A verbatim transcript of the data below is required, images omitted.

──────── Dataset content ────────

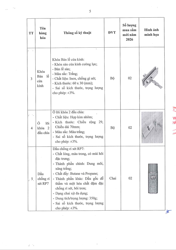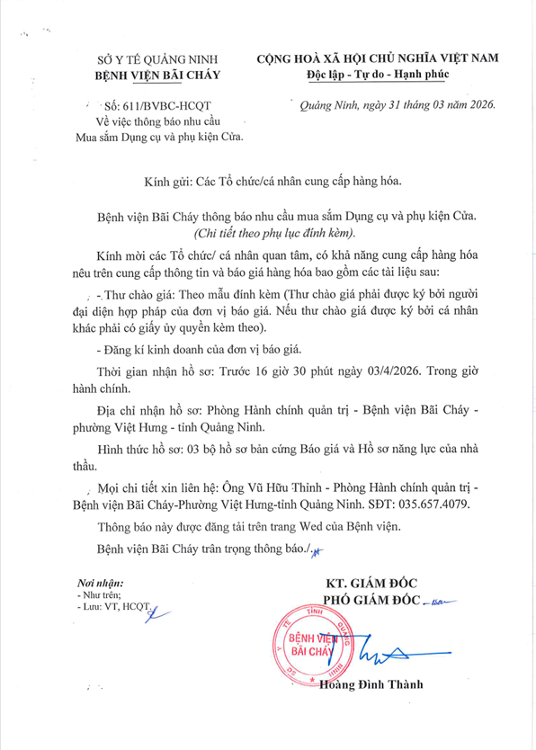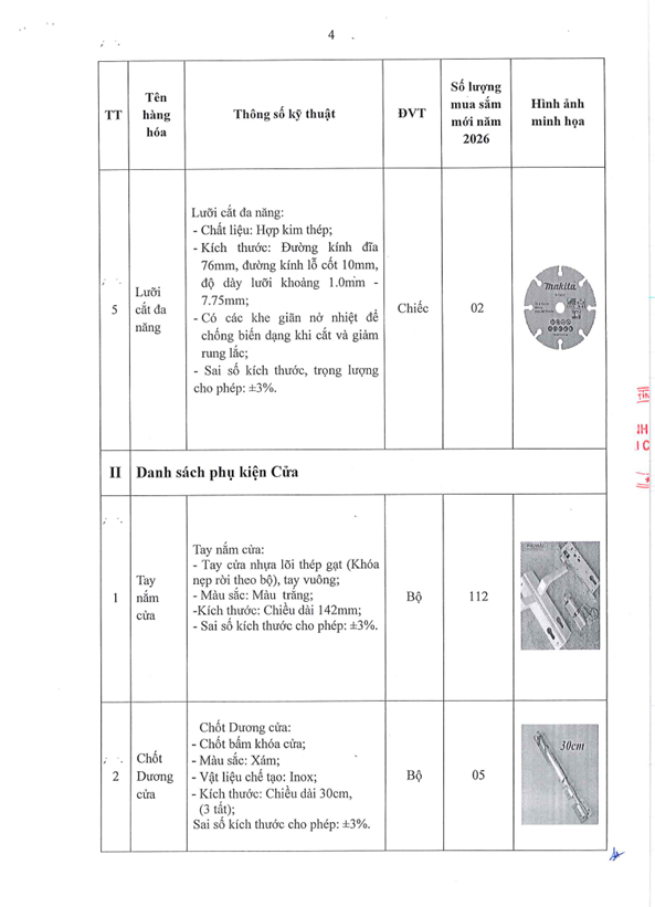 Thông báo 611 nhu cầu mua sắm dụng cụ và phụ kiện cửa
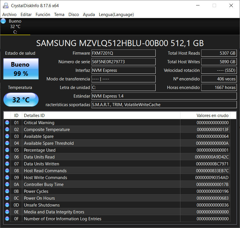• En ella veremos bastante información, como la unidad concreta instalada que en este caso corresponde a una SSD que Samsung vende a los OEM. También veremos la versión del protocolo NVMe usado o las características soportadas y que son importantes en este tipo de unidades, como TRIM o SMART.
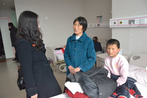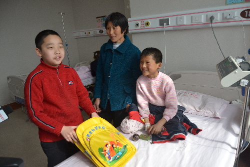 醫(yī)生為大家講解慶偉的病情 “往事如歌”團隊里的小朋友,也為慶偉送上一份愛心 “獅友會車友會”的愛心網(wǎng)友為慶偉母子送去衣物 在得知小慶偉的家庭條件后,青島市婦兒醫(yī)院立即幫他申請了愛心基金,資助1萬元,幫助他手術、康復。如今,小慶偉已經(jīng)于周三手術成功,臉色的紫色明顯消褪,要不了多久就可以出院,和正常孩子一樣生活。 小慶偉的不幸,打動了很多青島網(wǎng)友。聽了他的故事,大家紛紛伸出援助之手。作為“學生小記者團”愛心團隊的代表,青島五十一中的9位同學,還特意給慶偉買了書包、文具,希望他以后能夠好好學習,報答父母。在“往事如歌”愛心網(wǎng)友中,也有慶偉的同齡人,劉紫荊就是其中一位,她和小伙伴為慶偉送去了小泥人和俄羅斯套娃,希望慶偉開開心心每一天。 此外,來自“獅友會車友會”的愛心網(wǎng)友,還為慶偉和媽媽送去了衣物,希望他們能感受到青島網(wǎng)友的愛心與溫暖,早日康復。(記者 王安) |
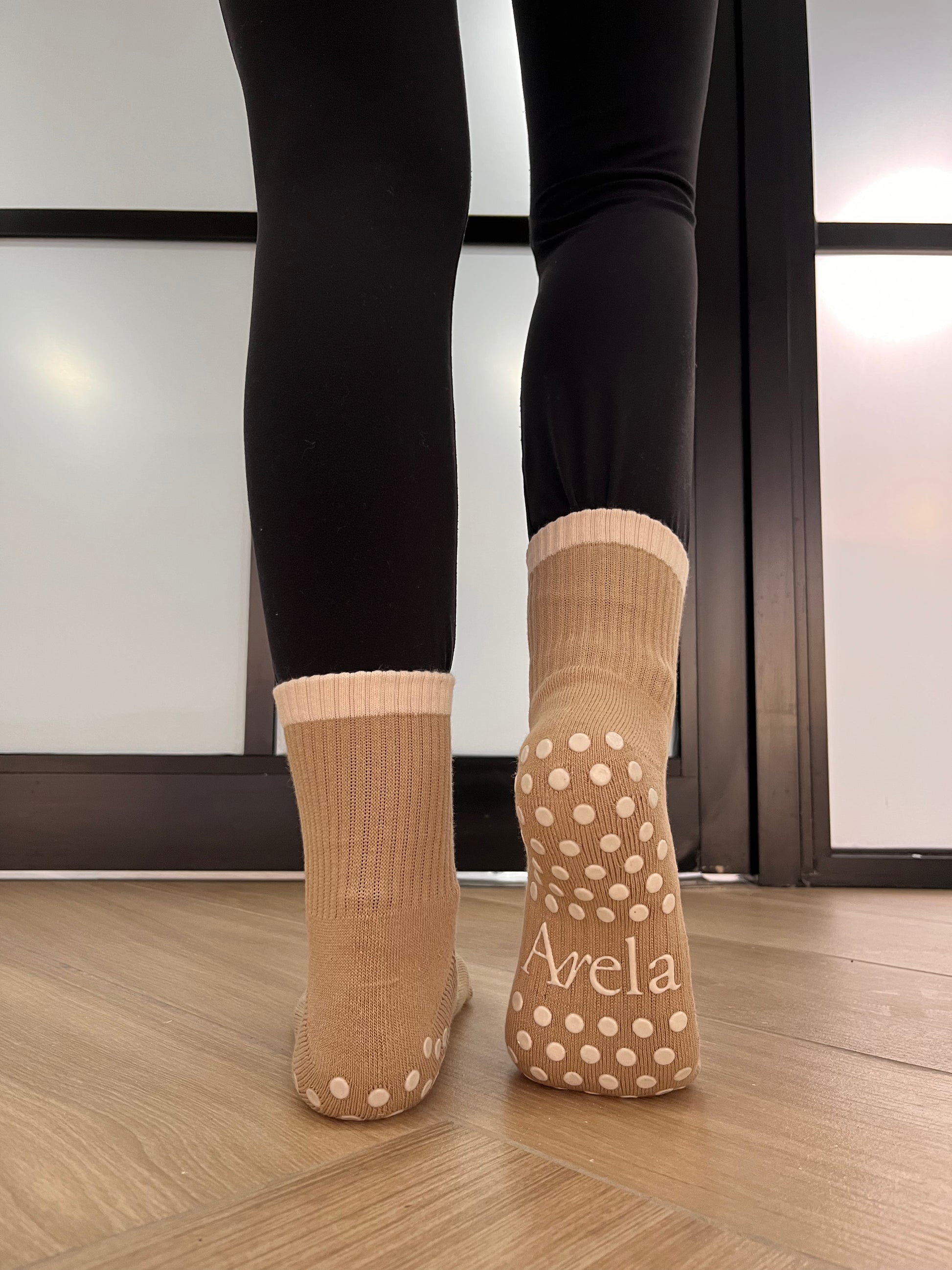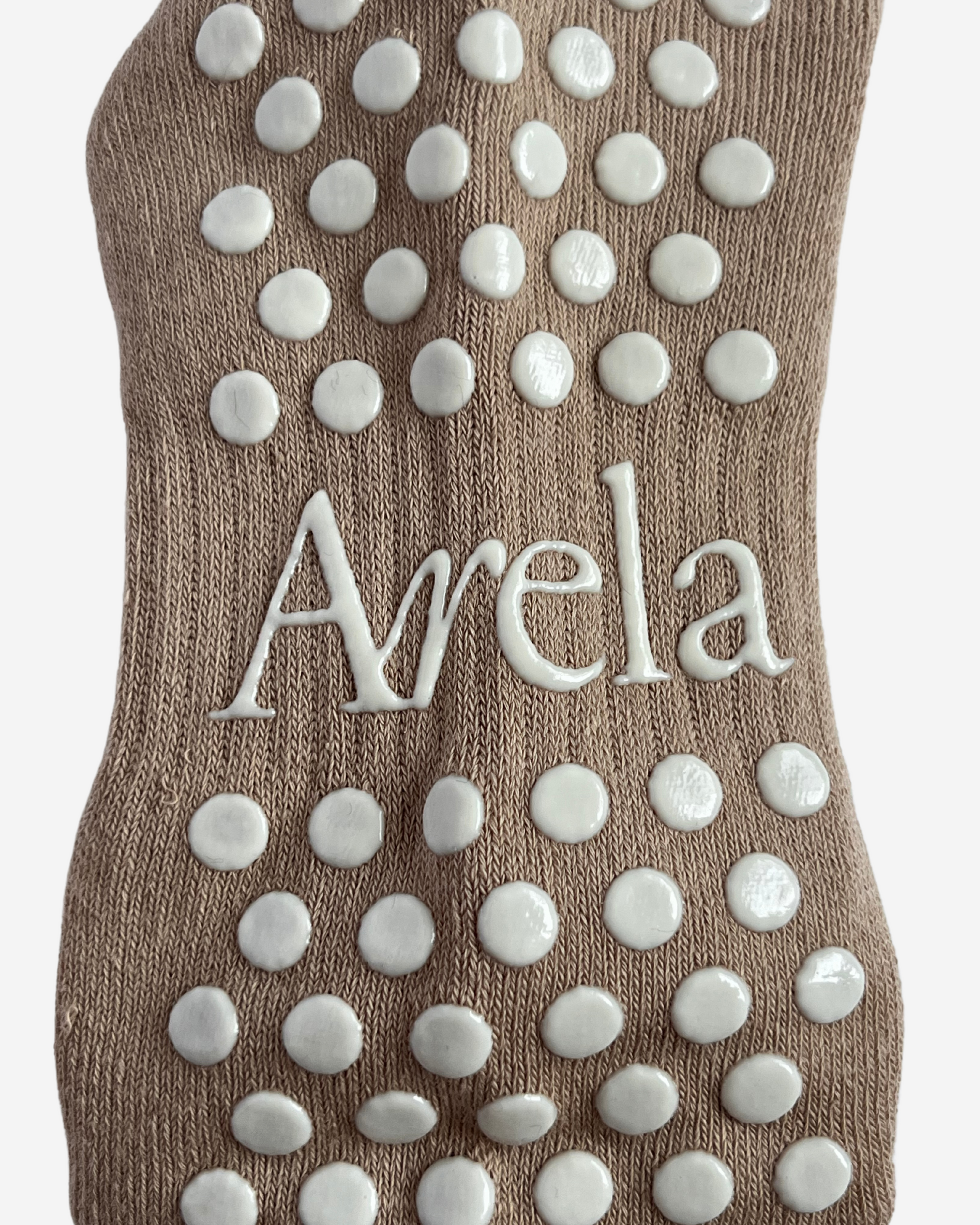 Diseñadas para acompañarte en cada paso, nuestras Arela Grip Socks combinan funcionalidad, diseño y comodidad. Con su suela antideslizante de agarre premium, ofrecen el soporte ideal para tus prácticas de pilates, yoga o cualquier entrenamiento consciente.

────────

Result for this exercise =>
 Thông báo 611 nhu cầu mua sắm dụng cụ và phụ kiện cửa
• En ella veremos bastante información, como la unidad concreta instalada que en este caso corresponde a una SSD que Samsung vende a los OEM. También veremos la versión del protocolo NVMe usado o las características soportadas y que son importantes en este tipo de unidades, como TRIM o SMART.
 醫(yī)生為大家講解慶偉的病情 “往事如歌”團隊里的小朋友,也為慶偉送上一份愛心 “獅友會車友會”的愛心網(wǎng)友為慶偉母子送去衣物 在得知小慶偉的家庭條件后,青島市婦兒醫(yī)院立即幫他申請了愛心基金,資助1萬元,幫助他手術、康復。如今,小慶偉已經(jīng)于周三手術成功,臉色的紫色明顯消褪,要不了多久就可以出院,和正常孩子一樣生活。 小慶偉的不幸,打動了很多青島網(wǎng)友。聽了他的故事,大家紛紛伸出援助之手。作為“學生小記者團”愛心團隊的代表,青島五十一中的9位同學,還特意給慶偉買了書包、文具,希望他以后能夠好好學習,報答父母。在“往事如歌”愛心網(wǎng)友中,也有慶偉的同齡人,劉紫荊就是其中一位,她和小伙伴為慶偉送去了小泥人和俄羅斯套娃,希望慶偉開開心心每一天。 此外,來自“獅友會車友會”的愛心網(wǎng)友,還為慶偉和媽媽送去了衣物,希望他們能感受到青島網(wǎng)友的愛心與溫暖,早日康復。(記者 王安) |
 Diseñadas para acompañarte en cada paso, nuestras Arela Grip Socks combinan funcionalidad, diseño y comodidad. Con su suela antideslizante de agarre premium, ofrecen el soporte ideal para tus prácticas de pilates, yoga o cualquier entrenamiento consciente.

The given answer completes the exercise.